Retired teacher reflects on time at South
January 9, 2020
A teacher’s job, in addition to informing their students on standardized subjects, is to help them create an effective work ethic and help them gain skills that can be used throughout life. These skills may vary between classes; a history class might give you a better political awareness and a science class might give you a better environmental awareness.
For retired art teacher Margaret Reese (formerly known as Margaret Rose) her students left her classroom with a developed style, unique to their own artistic taste.
“In her class, I was able to develop my own style,” Audrey Turner ‘20 said. “It was cool because I had so much liberty as well as access to so many different mediums.”
Reese provided a welcoming environment for her students to use as a creative outlet and nurtured their respective skills.
“She provided an atmosphere that they could feel comfortable in,” Tom Szmrecsanyi, art teacher, said. “She handled students in a very warm and caring way.”
But when a teacher retires, what happens to their legacy? What do they do in retirement, and what of their memory at South? For Reese, her memory and legacy have been immortalized at South through the bonds she formed with her co-workers and former students.
“When having conversations with her it was always easy to take away things that she was saying,” Szmrecsanyi said. “Things that were sort of the foundation of her big idea behind everything.Which, really, does oil down to how she was: caring, friendly and making sure students are enjoying themselves in her classroom.”
Those same relationships formed with those around her, according to Reese, were her favorite part of the job.
“The best part of teaching was the relationships I had with students,” Reese said. “It was joy, pure joy. Not the teaching part, just getting to know different people, young and older. I totally miss connecting with them.”
These bonds that Reese forms didn’t fade with graduation nor with retirement. Szmrecsanyi recalled parent-teacher conferences where former students of Reese’s (now parents) still remembered each other.
“She got to the point where, during conferences, she would see former students who are now parents,” Szmrecsanyi said. “The exchanges there were always friendly and happy. The students loved to go back to Brownell to visit her as well.”
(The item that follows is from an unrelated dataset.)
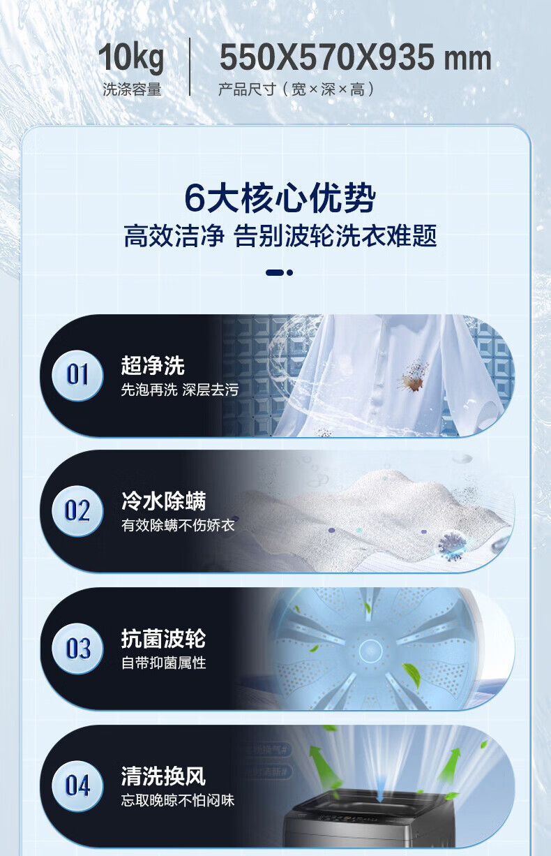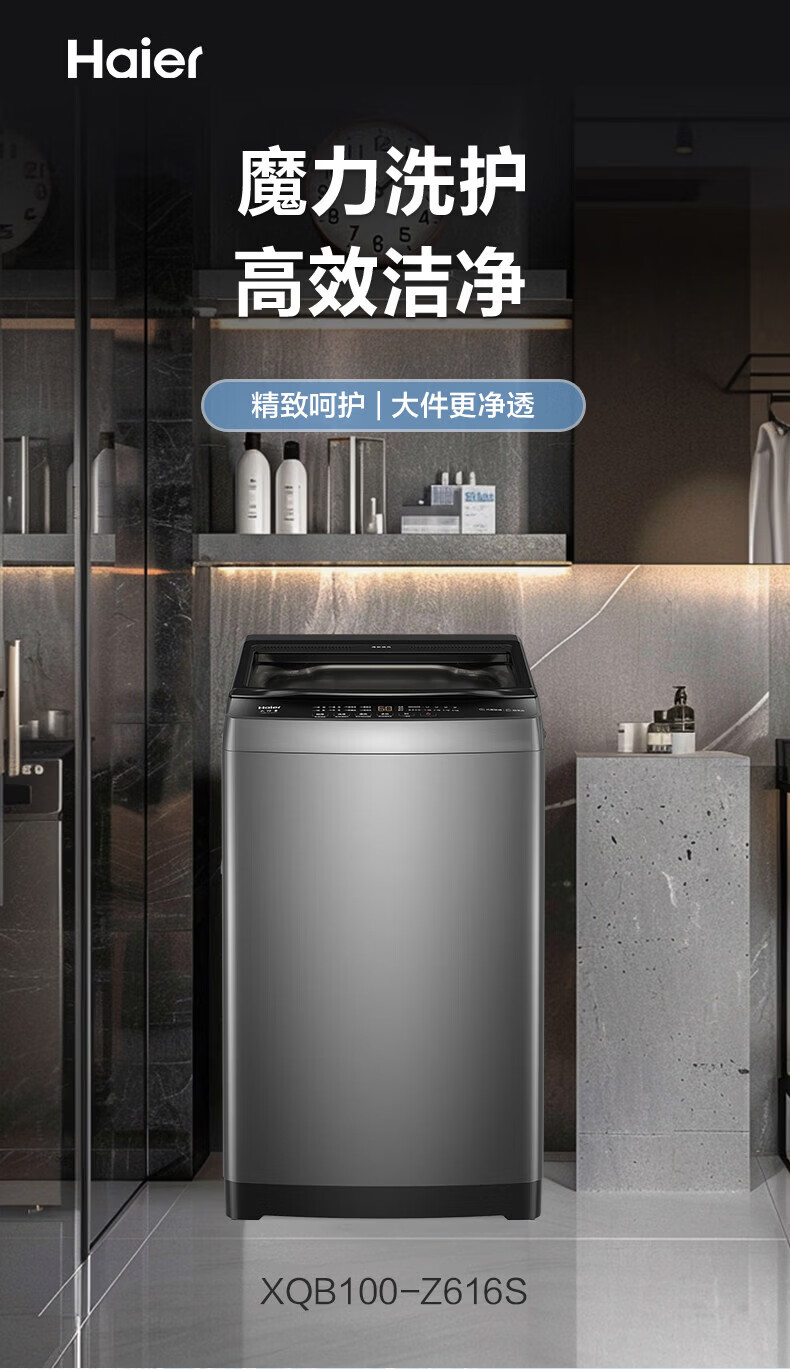 海尔(Haier)全自动10KG波轮大容量超净洗洗脱一体冷水除菌螨家用出租屋租房用波轮洗衣机自编程透明玻璃盖 10KG 波轮XQB100-Z616S

Despite missing her job, Reese is enjoying the tranquility of retirement. In retirement, she is allowed more time to spend time with her husband and daughters, as well as her true passion that started this all: art.
“I’m taking a painting class at Birmingham Bloomfield Art Center and I get to see my daughters more, as well,” Reese said. “I have a twenty-three-year-old and a twenty-six-year-old daughter that I get to see more often now that I am retired. We’re doing more things together and of course, being with my husband.”
Since Reese is still technically a newlywed, in retirement she has gotten more time to not only spend with her husband but his respective family as well.
“We just started a new tradition here at Thanksgiving which is having my children, his two sisters and my daughters’ boyfriends over for Thanksgiving here,” Reese said. “It’s just a lot of new traditions and new things.”
However fun new traditions and adventures may be, Reese admits that it was quite the adjustment when everybody else went back to school and she didn’t. Nevertheless, she stays open to opportunity and chance, choosing to stay optimistic.
“I think it was thrilling when it was that first day of school and I wasn’t there. You almost feel oddly guilty,” Reese said. “I’m trying to do a lot of living life in the moment and not getting ahead of myself. It is such a crazy career, to teach, wonderful yet so busy. You’re never really done at the end of your day. To have nothing, it was hard to get used to that. But now I can sort of enjoy it.”